To differentiate between the possibilities that Golgi-derived vesicles and tubules or anterogradely transported molecular motors and proteins underlie the trap formation, we disrupted the Golgi system by incubating the neurons for 12 h in 10 μg/ml brefeldin A (BFA; Chardin and McCormick, 1999). (It should be noted that in cultured A. californica neurons, 10 μg/ml BFA disrupts the Golgi apparatus within 30 min of application). Thereafter, neurons expressing EB3-GFP, EYFP–SNAP-25, or cherry–SNAP-25 were transected and imaged (n = 17). We found that both the plus and minus end traps are formed in the presence of BFA (Video 11, available at http://www.jcb.org/cgi/content/full/jcb.200607098/DC1), whereas SNAP-25–labeled anterogradely transported vesicles are not detected along the axon and do not accumulate in the traps (see Fig. 7 and Video 11). These observations suggest that formation of the traps does not require the arrival of Golgi-derived anterogradely transported vesicles but requires other anterogradely transported molecular signals.

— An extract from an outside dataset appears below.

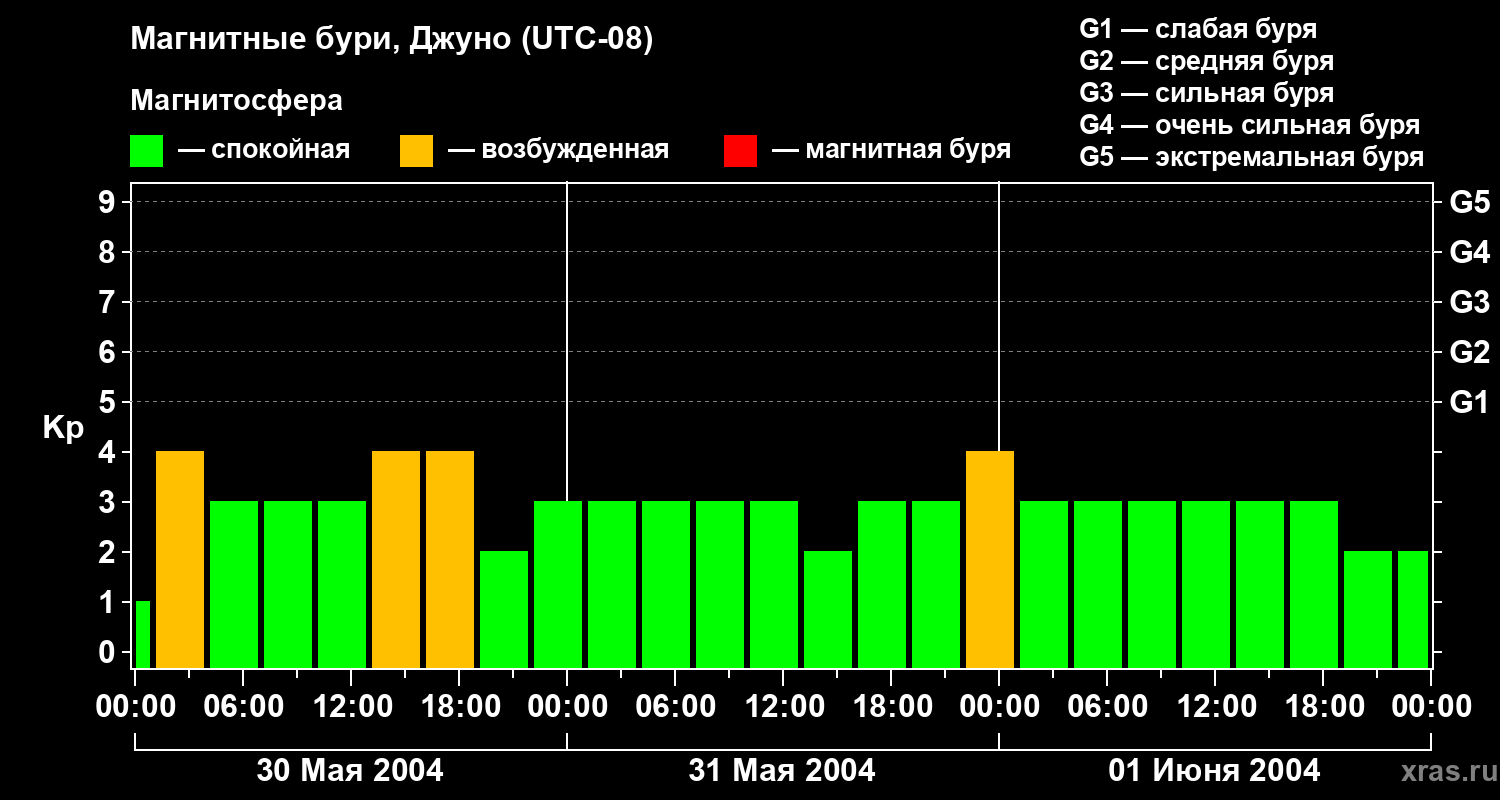 Изменения геомагнитного индекса Kp с 30 мая по 1 июня 2004 года для средних широт
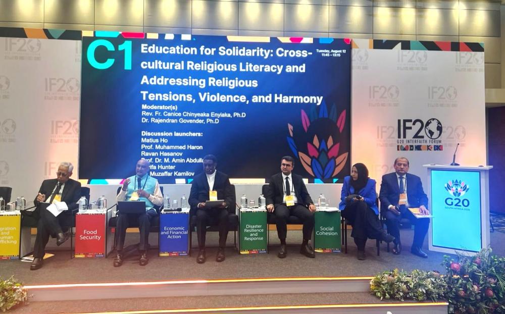 Avqustun 10-dan 14-dək Cənubi Afrika Respublikasının Keyptaun şəhərində G20 Dinlərarası Dialoq Forumu keçirilir. “Fəaliyyətdə humanizm: Həssas icmalar diqqət mərkəzində” mövzusuna həsr olunan Forumda Qafqaz Müsəlmanları İdarəsinin sədri Şeyxülislam Allahşükür Paşazadənin rəhbərliyi altında Azərbaycan nümayəndə heyəti də iştirak edir. Nümayəndə heyətinin tərkibinə Bakı Beynəlxalq Multikulturalizm Mərkəzinin icraçı direktoru Rəvan Həsənov, Mərkəzin icraçı direktorunun müavini Ramin Qəmbərov, Milli Məclisin deputatları Fazil Mustafa və Cavanşir Paşazadə daxildir.

We next attempted to examine whether retrogradely or anterogradely oriented molecular motors or cytoplasmic dynein and kinesin, respectively, generate the initial forces to form the vesicle traps. Unfortunately, most of our attempts to use pharmacological tools to inhibit the molecular motor proteins did not prove useful. For example, injection of cytoplasmic dynein inhibitor sodium ortovanadate (Gibbons et al., 1978) into the neurons led to drastic shortening of the EB3- GFP comet tails to a point that we could no longer follow the MT polarity. Bath application of 5 mM vanadate for 3 h or injection of antidynein antibodies (Santa Cruz Biotechnology, Inc.) did not inhibit retrograde transport. However, bath application of 2–3 mM dynein inhibitor erythro-9-(2-hydroxy-3-nonyl)adenine (EHNA; Bouchard et al., 1981; Goldberg, 1982; Ekstrom and Kanje, 1984) for 1–3 h inhibited the retrograde transport of SR101-labeled vesicles (Fig. S1, available at http://www.jcb.org/cgi/content/full/jcb.200607098/DC1) but did not inhibit formation of the vesicle traps. These observations suggest that retrogradely oriented molecular motors do not contribute to formation of the traps. We then examined the hypothesis that anterogradely transported kinesin motors contribute to the trap formation. To that end, we microinjected the nonhydrolyzable analogue of ATP (adenosine 5′-[β,γ-imido]triphosphate– AMP-PNP) as a kinesin inhibitor (Kapoor and Mitchison, 1999; Bananis et al., 2000) and found that in addition to blocking the axoplasmic transport and inhibition of vesicle trap formation after axotomy, it increased the free intracellular calcium levels (as imaged with fura-2) and subsequently led to axonal degeneration. Microinjection of antikinesin antibody (monoclonal mouse antibovine brain kinesin heavy chain; Chemicon) into the neurons did not inhibit anterograde transport and had no effect on formation of the traps.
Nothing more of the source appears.